Well we finally left Amman in Jordan at about 1300hrs, this put our plan to ride straight to Palmyra out of the window, the delayed departure was thanks to some lowlife scumbag removing a part from each bike thus making the scottoiler inoperative and leaking oil (may the flee's of a thousand camel's infect his arsehole and his balls fester and drop off ).
It would be true to say that we were not overly enamoured with Syria on the way through first time around (we still think that the mediterrean coast and Damascus are pretty grubby hole's with a few good castle's and an interesting old town - in Damascus) . But our return to Syria has revealed a much better and more interesting side to the country, Having stopped for the night in Damascus we rode on to Palmyra (Tadmur) and found ourselves in the best ruin's we have seen yet, Palmyra, was for the two of us, far more impresive than Petra, we think this is probably because we had never heard of Palmyra when we left England so we had no preconceived expectations, unlike Petra where I think we expected too much. In Palmyra we walked around most of the ruins for free (this was a real bonus as all of the interesting place's we have been charge for entry) , they do charge for entry to the Temple of Bel, two of the Tomb's and the Citadel, (300 Syrian pounds £4 or 15 Syrian pounds 20 pence with a student card, so we now have fake student card's !! ) we only paid to go into the Citadel which provide's an excellent view and is a good place photograph the sunset, Whilst wandering around Palmyra we were offered numerous cups of tea, we stopped several times two drink tea and talk ( the tea was free and it is offensive to refuse though we did talk our way out of some cups of tea as there is only so much tea that we could drink in one day)
Photo's do not do this place justice, the ruin's go all the way to the base of the hill and for 500 mts in the opposite direction see picture below
On the first evening in Palmyra Cliff nipped out of the hotel to get a couple of beer's and spotted an English registered Land Rover, so he went over for a quick chat, Peter and Celia and their three children, aged approx 7-11 years were on route from Alwick in Northumbria to Botswana, It was so good to meet some fellow British overlanders, so we made arrangements to meet later at the Pancake house restaurant, ( I think the kids liked the idea of pancakes ) when we arrived it did not look very promising but once in the small courtyard restaurant things started to look up, the food here turned out to be the best since we left England ( so if you happen to be in Palmyra look for the signs from the bus station and give the Pancake house a try, the Mansaf (local bedouin dish) is superb, the chicken,tomato and garlic pancake was also excellent ).
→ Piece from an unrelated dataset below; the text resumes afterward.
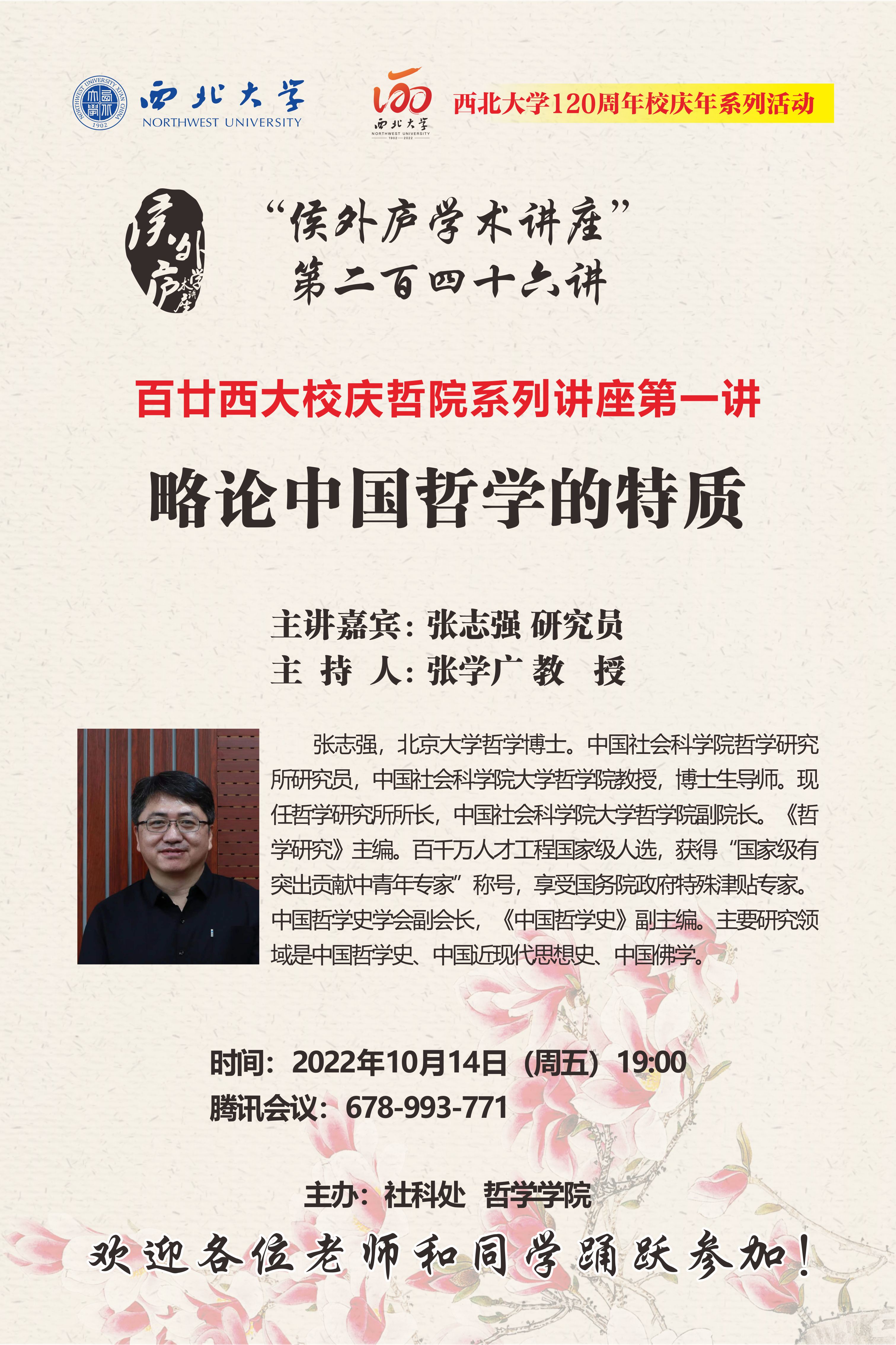 侯外庐学术讲座第二百四十六讲暨120周年校庆年系列活动:略论中国哲学的特质

We enjoyed an excellent evening chatting to our fellow Brits, topic's of conversation consited of vehicle modifications through to border crossings, custons taxes, route's, the weather in Europe and the varing price of beer, As the kids were getting very tired we went bask to their hotel room where we exchanged some very useful information ( I know it sounds dodgy but we have been sworn to secrecy ). You can look at their website at
Above:- the view from the Citadel with the camel racing track in the foreground, we think we can see the curve of the earth in the over the desert in the background.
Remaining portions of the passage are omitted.